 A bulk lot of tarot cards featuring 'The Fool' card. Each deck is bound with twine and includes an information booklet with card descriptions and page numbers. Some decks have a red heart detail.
...
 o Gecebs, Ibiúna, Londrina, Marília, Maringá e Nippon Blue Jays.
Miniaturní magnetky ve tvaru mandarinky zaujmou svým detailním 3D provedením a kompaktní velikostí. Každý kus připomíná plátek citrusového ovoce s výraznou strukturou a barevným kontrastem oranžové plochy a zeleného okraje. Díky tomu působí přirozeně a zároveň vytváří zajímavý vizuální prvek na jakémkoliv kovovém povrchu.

> **DIRECTIONS**:
Output the lines above exactly, but only those between the line holding "o Gecebs, Ibiúna, Londrina, Marília, Maringá" and the line holding "Miniaturní magnetky ve", inclusive.

> **RESPONSE AREA**:
 o Gecebs, Ibiúna, Londrina, Marília, Maringá e Nippon Blue Jays.
Miniaturní magnetky ve tvaru mandarinky zaujmou svým detailním 3D provedením a kompaktní velikostí. Každý kus připomíná plátek citrusového ovoce s výraznou strukturou a barevným kontrastem oranžové plochy a zeleného okraje. Díky tomu působí přirozeně a zároveň vytváří zajímavý vizuální prvek na jakémkoliv kovovém povrchu.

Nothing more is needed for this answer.